SOURCE MATERIAL:
* * * *

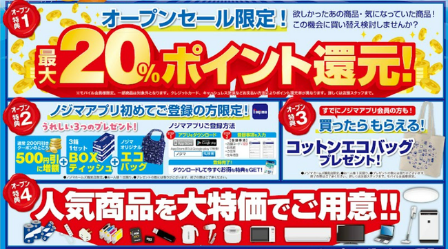 また、4月24日(金)~5月15日(金)の期間中、オープン限定特価としてノジマポイントが最大20%還元になるお得なセールも開催いたします。皆さまのご来店をお待ちしております!
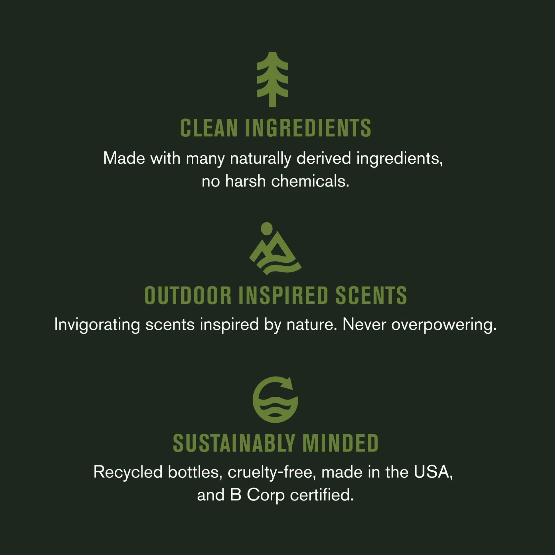 We strive to use as many naturally derived and plant-based ingredients as possible, while still delivering exceptional performance. No parabens. No phthalates. No dyes. No GMOs. No aluminum. And never tested on animals.
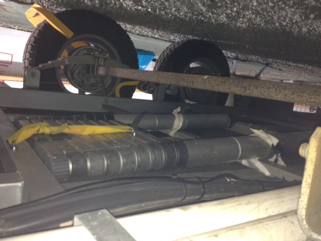 Have any of you seen those ladders that collapse into themselves ? They go to about 3.5 mtrs. Well as a maintenance plumber I had one on the front of my works trailer it was handy for manholes and on industrial sites over machines etc.Sadly the bottom rung snapped off recently as I had a 50 litre hot water unit sitting on my left shoulder and took one step and that was it !! Plus I would not let anyone use it bar me as it did not conform to worksafe standards.Anyway being semi retired and sitting in the shed your thoughts turn to the odd challenge.I know ! sez me I,ll bung it under the van! I know some folk don,t like crawling under vans but since I still regularly crawl under houses in mud etc for burst pipes its no big deal.I have put it directly behind the second water tank so its protected from stones etc. I used a small loop bracket and an angled piece of steel at the front to support the weight and then just lifted up the back and used 2 self clamping tie downs on to the frame. One just has to remember to take a really big step on the first step ! So next time your in a C/Park and you decide to re roof your van just seek me out and its out for you in 3 mins ! Cheers .

* * * *

WHAT IS EXPECTED:
Each line above should be printed again exactly, though the pictures should not be.

OUTPUT:
 また、4月24日(金)~5月15日(金)の期間中、オープン限定特価としてノジマポイントが最大20%還元になるお得なセールも開催いたします。皆さまのご来店をお待ちしております!
 We strive to use as many naturally derived and plant-based ingredients as possible, while still delivering exceptional performance. No parabens. No phthalates. No dyes. No GMOs. No aluminum. And never tested on animals.
 Have any of you seen those ladders that collapse into themselves ? They go to about 3.5 mtrs. Well as a maintenance plumber I had one on the front of my works trailer it was handy for manholes and on industrial sites over machines etc.Sadly the bottom rung snapped off recently as I had a 50 litre hot water unit sitting on my left shoulder and took one step and that was it !! Plus I would not let anyone use it bar me as it did not conform to worksafe standards.Anyway being semi retired and sitting in the shed your thoughts turn to the odd challenge.I know ! sez me I,ll bung it under the van! I know some folk don,t like crawling under vans but since I still regularly crawl under houses in mud etc for burst pipes its no big deal.I have put it directly behind the second water tank so its protected from stones etc. I used a small loop bracket and an angled piece of steel at the front to support the weight and then just lifted up the back and used 2 self clamping tie downs on to the frame. One just has to remember to take a really big step on the first step ! So next time your in a C/Park and you decide to re roof your van just seek me out and its out for you in 3 mins ! Cheers .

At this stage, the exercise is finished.